The function textwrap.dedent does not work as expected for text with CRLF line endings.

A key feature of textwrap.dedent is the ability to ignore lines that contain only whitespace (' ' and '\t') and end in a newline character. The problem arises when processing strings that use CRLF for line endings as the regex patterns used in the function consider the carriage return character as non-whitespace. This means the string ' foo\n\n' will be processed as expected into 'foo\n\n' but the string ' foo\r\n\r\n' will be unchanged. This is because the second line contains a non-whitespace character ('\r') and thus is included when calculating the largest common prefix which in this case would be '' causing no change to happen.

One possible solution is to use the pattern 'textwrap.dedent(input_str.replace('\r\n','\n')).replace('\n','\r\n')' . This will work as long as the input string only uses CRLF as its line endings. If the input string contains mixed line endings, this solution will change them all to CRLF. While this behavior may be okay since text with mixed line endings could be considered an okay edge case, however this code pattern still exists due to unexpected behavior of textwrap.dedent.

This Github issue proposes another solution but there are three problems I see with it. One, it changes the default behavior of textwrap.dedent possibly breaking legacy code (this may or may not be a big deal). Two, it does not treat CRLF line endings the same as LF line endings. Currently any line that contains only whitespace and ends with '\n' is replaced with just '\n' by the current implementation. The proposed solution however does not do something similar for lines that contain only whitespace and ends with '\r\n'. Instead the lines are left alone. The third problem is the new regex pattern suggested treats the string ' \r\r\n' as having a leading whitespace of 1 rather than 2. For any string that starts with a non-zero number of whitespace characters followed by '\r\r\n', the pattern will identify the leading whitespace as all leading whitespace characters except for the last one.

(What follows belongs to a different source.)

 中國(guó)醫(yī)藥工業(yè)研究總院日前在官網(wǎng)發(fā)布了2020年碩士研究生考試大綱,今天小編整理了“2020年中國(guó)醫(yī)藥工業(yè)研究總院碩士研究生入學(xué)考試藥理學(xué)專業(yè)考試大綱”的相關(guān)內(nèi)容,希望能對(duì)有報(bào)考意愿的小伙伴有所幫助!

There is another Github issue (#59250) related to textwrap.dedent but it is more focused on what should be considered a “whitespace” character.

The Solution

My solution (located at this commit) overcomes all issues raised above. To prevent changes to the default behavior of textwrap.dedent, a new argument was added that would act as a flag to enable the new behavior. Enabling the new behavior adds an extra processing step where lines with only whitespace and ending with CRLF line endings are replaced with '\r\n' to emulate the way LF lines are handled. It also changes the regex patterns used to gather all prefixes to ignore lines containing only '\r\n'. I have updated the tests for the function to demonstrate that passing True to the new argument treats CRLF line endings the same as LF line endings.

Final Thoughts

I am interested to hear your thoughts on my proposed changes and am open to hearing suggestions on implementation. The current name of the “flag” is eol_agnostic but I welcome suggestions for a better one. I have also made the decision to make eol_agnostic keyword-only to avoid boolean traps.

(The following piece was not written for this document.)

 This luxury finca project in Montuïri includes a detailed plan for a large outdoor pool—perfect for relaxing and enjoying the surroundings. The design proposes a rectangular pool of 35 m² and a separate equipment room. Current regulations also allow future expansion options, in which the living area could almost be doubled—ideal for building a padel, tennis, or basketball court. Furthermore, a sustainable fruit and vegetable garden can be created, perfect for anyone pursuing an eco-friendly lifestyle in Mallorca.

I understand this is not a pull request or even a official issue but I am including the output of make patchcheck:

The following modules are *disabled* in configure script:
_sqlite3                                                       

The necessary bits to build these optional modules were not found:
_bz2                  _curses               _curses_panel      
_dbm                  _gdbm                 _lzma              
_tkinter              readline                                 
To find the necessary bits, look in configure.ac and config.log.

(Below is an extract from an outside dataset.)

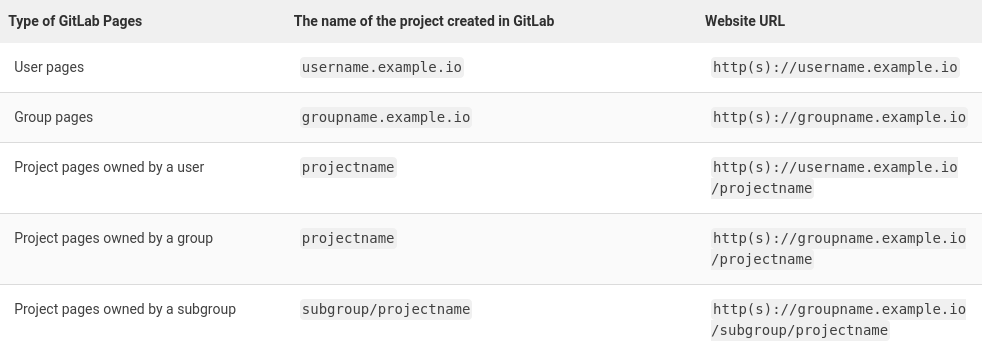 Sie können auch Gruppen- und User-Pages erstellen, indem Sie einem Projekt einen bestimmten Namen geben:

Checked 111 modules (30 built-in, 71 shared, 1 n/a on linux-x86_64, 1 disabled, 8 missing, 0 failed on import)
./python ./Tools/patchcheck/patchcheck.py
Getting base branch for PR ... origin/main
Getting the list of files that have been added/changed ... 1 file
Fixing Python file whitespace ... 0 files
Fixing C file whitespace ... 0 files
Fixing docs whitespace ... 0 files
Docs modified ... NO
Misc/ACKS updated ... NO
Misc/NEWS.d updated with `blurb` ... NO
configure regenerated ... not needed
pyconfig.h.in regenerated ... not needed

Did you run the test suite?

And the output of ./python -bb -E -Wd -m test -r -w -uall -j0:

== Tests result: SUCCESS ==

404 tests OK.

1 test altered the execution environment:
    test_generators

29 tests skipped:
    test_bz2 test_check_c_globals test_curses test_dbm_gnu
    test_dbm_ndbm test_devpoll test_gdb test_idle test_ioctl
    test_kqueue test_launcher test_lzma test_msilib test_peg_generator
    test_readline test_sqlite3 test_startfile test_tcl test_tix
    test_tkinter test_ttk test_ttk_textonly test_turtle
    test_winconsoleio test_winreg test_winsound test_wmi
    test_zipfile64 test_zoneinfo

Total duration: 2 min 16 sec
Tests result: SUCCESS

MRAB · February 20, 2023, 12:04am

Why do you have ‘\r’ in your strings? Python normally uses ‘\n’ as the line ending with ‘\r’ existing only in files, and even then only in files that were written on Windows.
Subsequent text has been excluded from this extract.